- This topic is empty.
July 7, 2012 at 1:07 pm #48317
A few weeks back I was at a friends house, he is the lead guitar player in a band I play with. This guy fixes my amps and anything I cant fix myself on my guitars and never charges me a penny for the labour only the parts. I was chatting with him late one night when he pulled out an old french clock movement. It was mostly in pieces, very dirty and smelt quite strongly of cheap talc powder! I had mentioned to him before that I was repairing clocks and he asked if it was possible to do anything with it as it was his grandfathers clock. It was once in a Boulle type case but that had long since gone. His grandfather had tried to fix the clock but just didnt know how to put it back together and there it had stayed for the best part of 20 years in a plastic tub in bits. I had a quick look through the tub and to my amazement everything seemed to be there, the only thing I could see that was missing was the suspension spring. I took the clock away and the next evening got to work on it.
The first thing I did was give it a quick bath to get it cleaned up a little so I could see what I was working on. I stripped the Brocot suspension and cleaned it up and then sorted through my suspension springs until I found one that would fit. I did not know at the time if the suspension spring would be suitable as I have four of these french movements and they all have different suspension springs. I got it all cleaned up and put it back together.
The movement didnt need a massive amount of work although there was quite a lot of rust removal to be done, I spent the best part of two evenings just cleaning the movement. The mainspring (only 1 as it is a timepiece) was in very good condition opening out well and having no tight coils, this was cleaned, lubricated and put back in the barrel. All the pivots polished and only four bushings needed on the plates, both sides of the escape wheel, one on the non winding side of the barrel and the other on the back plate of T2. The anchor only had minor pitting so this was polished out. The escape wheel pivots were both quite badly bent and I had no idea if they would straighten out as the pivots on these french clocks are known for being very hard. I found a collet that was a good fit for the first pivot and set the wheel up in my watchmakers lathe. I then pushed the tailstock runner up almost touching the other pivot and watched it as I turned the escape wheel by hand. Sure enough it was very bent, so I closed my eyes and said a little prayer to the god of pivot straightening and then began to push in the opposite direction very carefuly, just applying a small amount of pressure at a time until it was almost perfect. I then removed the wheel and put the other pivot into the collet and did the same again.
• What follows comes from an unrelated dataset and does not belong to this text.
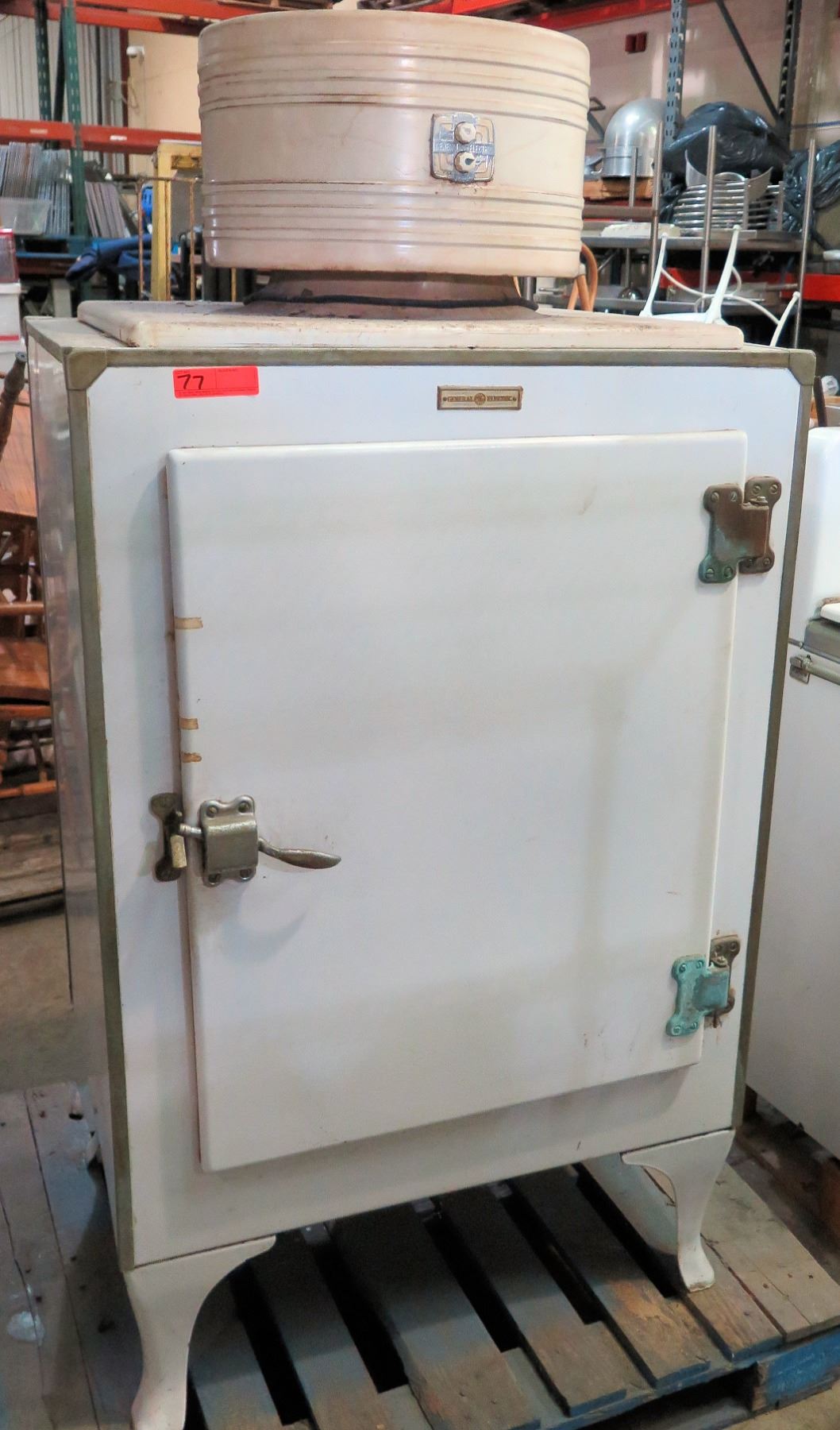 General Electric Vintage Footed Single Door Refrigerator 34.5”’W x 27”D x 68”H
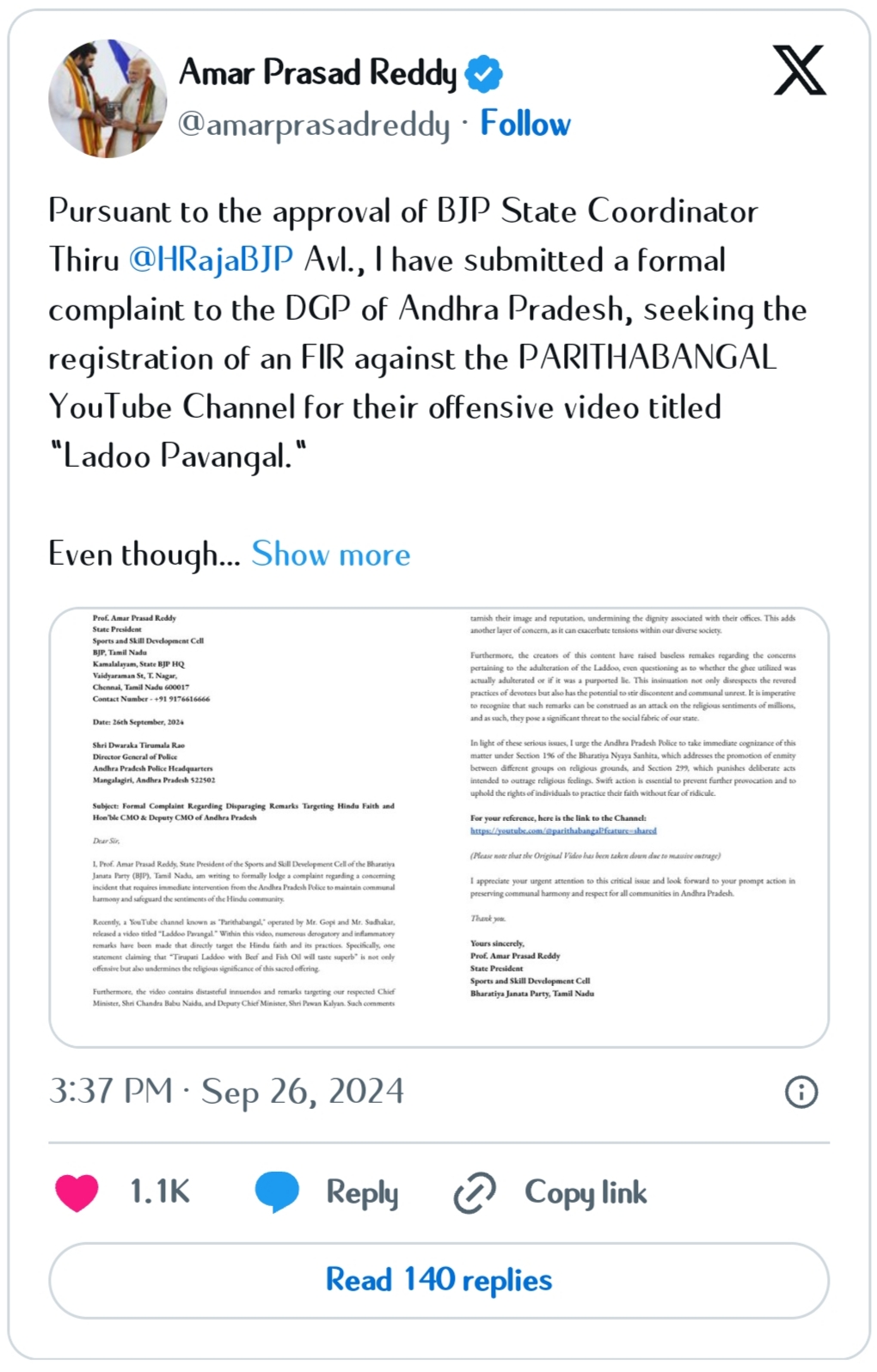 இதுகுறித்து  அவர் தனது எக்ஸ் வலைத்தளம்  பக்கத்தில்  பதிவிட்டிருப்பதாவது “லட்டு பாவங்கள்” என்ற தலைப்பிலான அவதூறு வீடியோவிற்கு, பரிதாபங்கள் யூடியூப் சேனலுக்கு எதிராக எஃப்ஐஆர் பதிவு செய்யக் கோரி, ஆந்திரப் பிரதேச டிஜிபியிடம் முறையான புகார் ஒன்றைச் சமர்ப்பித்துள்ளேன். அவர்கள் வீடியோவை நீக்கியிருந்தாலும், வீடியோ இந்துக்களின் உணர்வுகளை அவமதிப்பது மட்டுமல்லாமல், சமூகங்களுக்கு இடையே பகையை வளர்க்கவும், சட்டம் – ஒழுங்கு பிரச்சினைகளைத் தூண்டும் விதமாகவும் உள்ளது” எனக் குறிப்பிட்டுள்ளார்.

It came out perfectly straight. I couldnt belive my luck!
The screws that held everything in on the front plate had all been put back in the wrong places, the click spring screw pulled straight out, so I established which screws went where and was left with one small brass screw which didnt look original. After a sort through my magic box of screws (its magic because whenever I need a spare screw I always manage to find the perfect screw in this box 😯 ) I found the correct screw and set about putting the whole mech back together.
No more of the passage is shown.